The season finale, The Secret, is...good enough, I guess. It's about a boy, always wearing a Davy Crockett raccoon hat, who's adopted from an orphanage by a wealthy but distant couple. He's given a room full of amazing toys and an endless supply of desserts but the only companion he finds is the butler (who interestingly enough happens to be the same actor who played the crazed killer Santa in the season one episode And All Through The House). It could have ended better but it's a passable finale to an overall great season.

***

Tales from the Crypt is a great show as a whole, and should be remembered as such. It doesn't exactly fall off a cliff after the second season, it just doesn't manage to return to those lofty heights again. The third season actually has some of my favorite episodes and there are standouts still in the seasons after. It's just that one of the things that makes Tales from the Crypt so notable is the absolute level of greatness it achieved through much of the second season. It's some of the best TV of all time — arguably the best in all of TV and movies, given the advantages of the format (I'm not sure something like Cutting Cards could even work in a longer format, and the rapid plotting and short runtime I think often help to create more interesting, better-focused stories — an argument shouldn't have to be made for the TV format these days though). There's simply nothing else like it, with the big four episodes reviewed above being the ultimate examples of the show at its best.

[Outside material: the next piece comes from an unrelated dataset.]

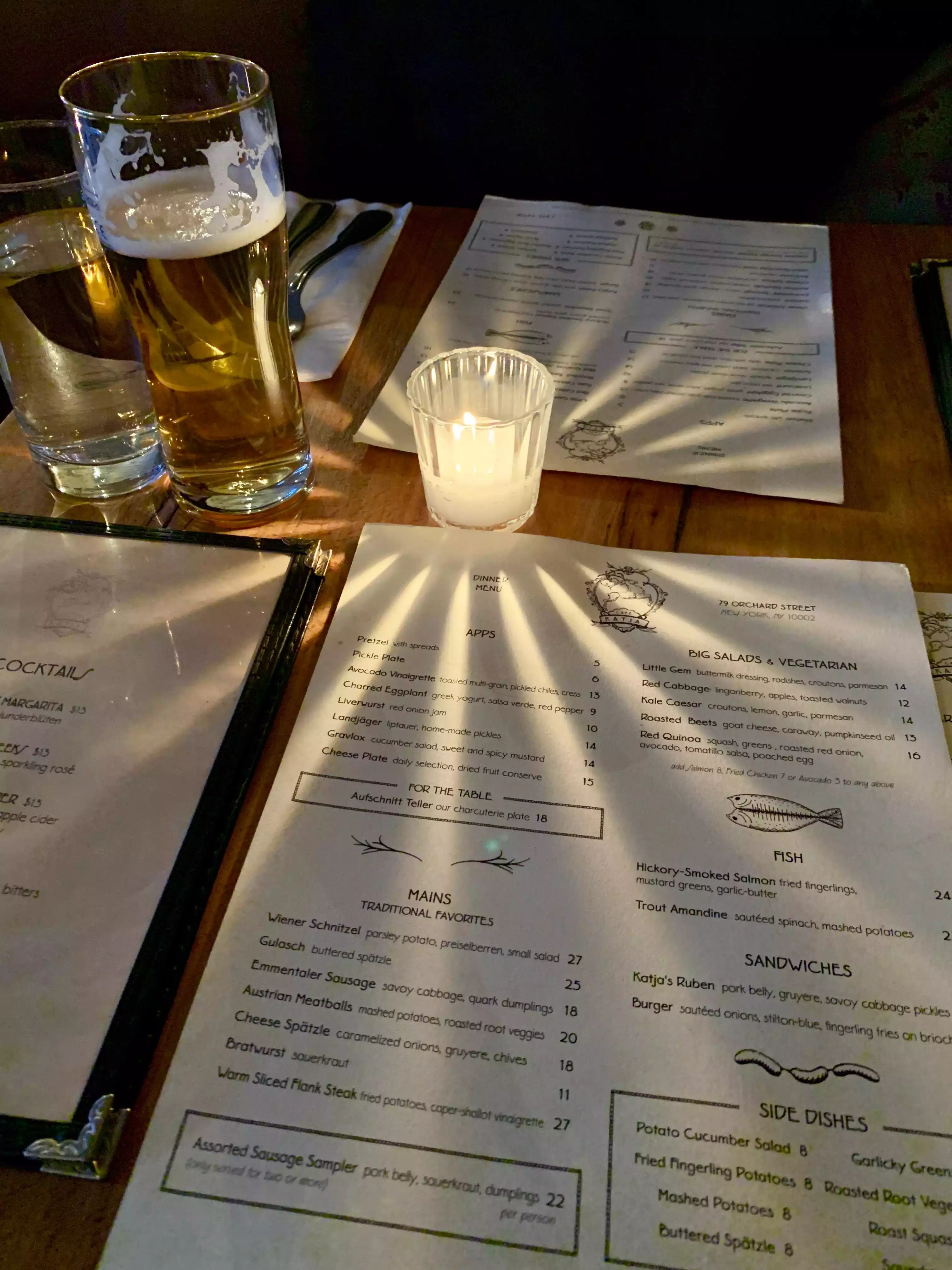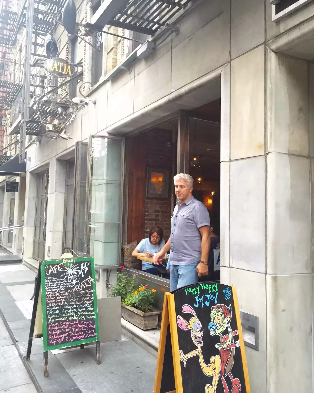 We searched out this restaurant on a recent visit to New York with our grand daughters because one was named Katja. It turned out to be so much more than a photo op of her by a sign. Andrew the co-owner happened to be our first contact and he mesmerized us with his kindness and genuine approach to being the perfect host. He talked with us about the name and helped the girls decide between to Austrian drinks. He then found us a table by the front window where we could watch everyday life pass by in front of us on this narrow city street. Andrew then took time to not only describe the menu but help guide us to what we might prefer to try. He hit each order dead on to each one in our party's taste. This made the tasting experience a huge success. Afterwards he came back and told us to write and he would get Katja a t-shirt when a new shipment arrived. One last courtesy before we left he came out onto the street and posed with us in front of the sign for a picture. Andrew you made a lasting impression on all of us and we will return when we visit NYC again.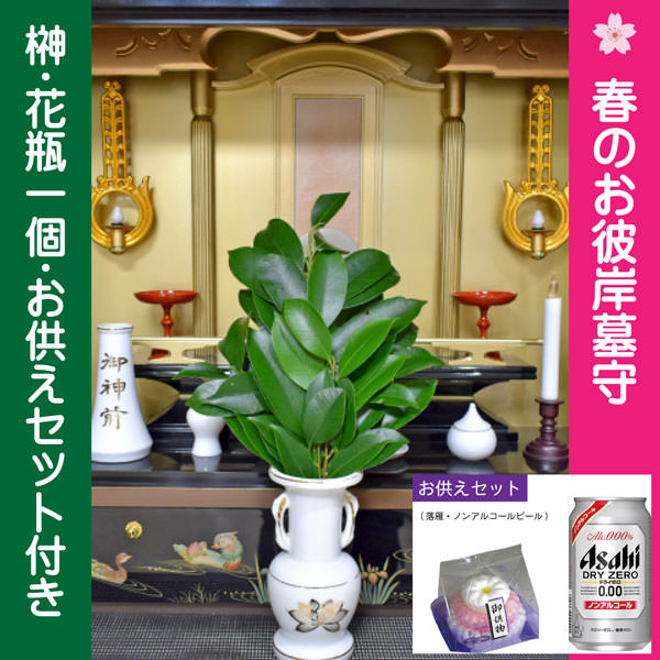 春のお彼岸 榊・お供えセット付き(花瓶1個/納骨壇・屋外納骨壇・樹木葬向け) ¥2,200 (税込)

It's an interesting exercise to consider what the greatest of the episodes have in common, and what makes them so special. They're all based on genuinely great, unforgettable stories of course (there are a lot of weak episodes deriving I think from the fact that they relied too much on the comics for material) but also the actors are perfect for their roles — so much so that you couldn't imagine anyone else doing it — and there's a unique style and direction, expertly executed, in the score, cinematography, etc. It's top-tier directors, producers, and actors letting loose and making incredible, riotous stuff. It's some of the most fun you can have watching TV.

So with all this in mind, I find it odd that we rarely hear about Tales from the Crypt. The franchise has been in the news in recent years with talk of an M. Night Shyamalan reboot (which apparently is dead for now), but it's not a show that comes up a lot in discussions of the greatest TV shows. I've found two possible explanations for this. The first is that it's from another era, long before what most people these days see as the rise of premium TV through, ironically, other HBO shows The Sopranos and The Wire. Tales from the Crypt is all on its own as premium TV released around the same time as excellent network TV like The Simpsons and Seinfeld. It may not have distinguished itself well too due to the gore and dark humor that only a limited audience would be interested in. That's unfortunate because it really is an historically great show. The second explanation is that they screwed up the DVD release and other resale, with copyright issues playing some role I understand. It did occur to me on reading about this that I'd never seen DVDs for the show, and it doesn't seem like good-quality ones are easy to find. That would explain how the show could have slipped from being a hit franchise to falling mostly out of the popular consciousness, in an era of nostalgia for '90s (in this case mostly early '90s) content.

Regardless of how the show slipped from public memory or why, it shouldn't have. Consider this a vote in favor of Tales from the Crypt being among the greatest television shows of all time. I highly recommend it, with the best episodes reviewed above being must-watches for everyone.